Jonathan Lethem semble avoir abandonné la science-fiction pour un type de roman monstre, ample, complexe, le genre que l'on voit fréquemment dans la littérature américaine dont l'ambition déraisonnablement illimitée décourage les tentatives de résumé.
Si on nous vend une histoire alternative de l'Amérique des années 50 à nos jours, celle de la gauche révolutionnaire à travers une chronique familiale qui embrasse trois générations, ce roman est bien plus que cela.
L'auteur nous offre une méditation fictive pleine de sarcasmes et d'amertume sur le visage changeant de l'activisme américain, ses échecs, ses désillusions, les obstacles qui font barrières à l'utopie ouvrière. Au premier desquels, l'intime dans une ville comme New-York où l'anonymat pousse les habitants à vouloir exister, à faire de leur vie un théâtre.
À l'image de la matriarche Rose Zimmer qui, depuis son appartement de Sunnyside Gardens, cité-jardin à l'origine destinée à accueillir la classe ouvrière, jette ses inquisitoires féroces et ses paroles ardentes depuis son balcon au point de faire fuir Miriam, sa fille de seize ans. Mais elle n'a pas manqué de lui transmettre sa colère, même si elle est plus fan de Lennon que de Lénine et a remplacé la cigarette pour le LSD en adoptant la vie communautaire et le militantisme du Greenwich Village hippie. Autour de ces femmes, toute une constellation de personnages, cyniques ou perplexes, qui refusent ou hésitent à s'engager lorsqu'ils constatent les tourments qui ont présidé à la vie de ces femmes.
Le sentiment qui domine, celui d'un auteur qui a voulu dresser un portrait accablant de ses personnages pour lesquels la lutte relève parfois plus du lifestyle que de la conviction lorsqu'ils ne se font pas floués, avalés par leur vie personnelle. À moins qu'il cherche à épingler leur optimisme, leur acharnement aveugle ? Difficile à dire même si le ton du livre suggère la première hypothèse puisque Rose est auréolée d'un légendaire activisme politique et social mais nous ne voyons pas grand-chose : beaucoup de discours, peu de réalisation.

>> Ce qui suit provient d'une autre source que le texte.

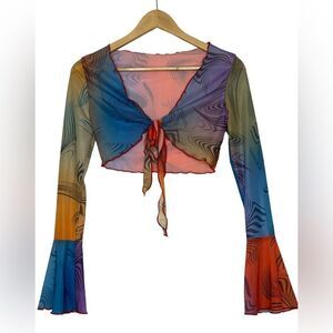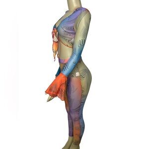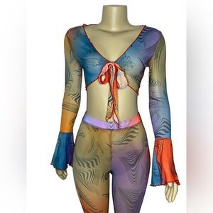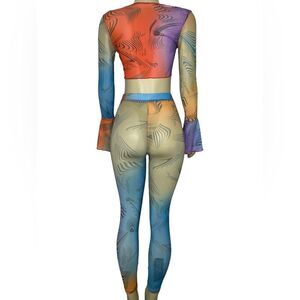 Colorful Swirl Design Pants & Crop Top Set - Women’s Fashion - Size: Small, Medium, Large- Straight Fit Pants - Long Sleeve V Neck Crop Top - Elastic Waist - Lightweight & Stretchy - True to Size - Sexy & Cute - Multicolored Stylish Ensemble

Sans compter que la trame se complexifie au contact de personnages déchirés par des tensions sur leurs identités : face à leur judéité, leur héritage, leur noirceur, leur homosexualité, ils s'accrochent aux identités qu'ils se sont choisies : communiste, pacifiste, amante …
On est pris dans un roman vertigineux et étrange dans lequel les individus se répudient, dérivent dans des mondes séparés, la famille n'offrant pas de rédemption personnelle mais ils ne peuvent résister à la force d'attraction qui existent entre eux. Tout cela dans une sorte de roman monde, après tout ça se passe à New York, accessoirement en Allemagne de l'Est derrière le rideau de fer et au Nicaragua en proie à la guerre civile. Des personnages qui portent en eux le reflet d'une époque, le reflet d'une ville, le reflet de la gauche américaine et sa quête d'idéal.
Cette fiction présentait tous les atours pour me plaire, l'intrigue y est secondaire, ce qui compte c'est une certaine qualité du regard derrière l'histoire, une froide méditation qui n'est pas acte d'apostasie mais simple constat.
Seulement le goût immodéré pour le bavardage et pour les introspections denses exigent un gros effort pour digérer ce pavé et rester concentré. le projet de l'auteur en ressort écrasé par cette langue charnue à la structure bousculée qui se transforme trop souvent en verve cryptique, en logorrhée diarrhéique noyant non seulement ce qui est écrit noir sur blanc mais aussi ce qui est suggéré.
Avec ses anecdotes typiquement new-yorkaises, c'est en somme un roman sur les new-yorkais écrit pour les new-yorkais. Un livre maussade, amer, totalement désabusé.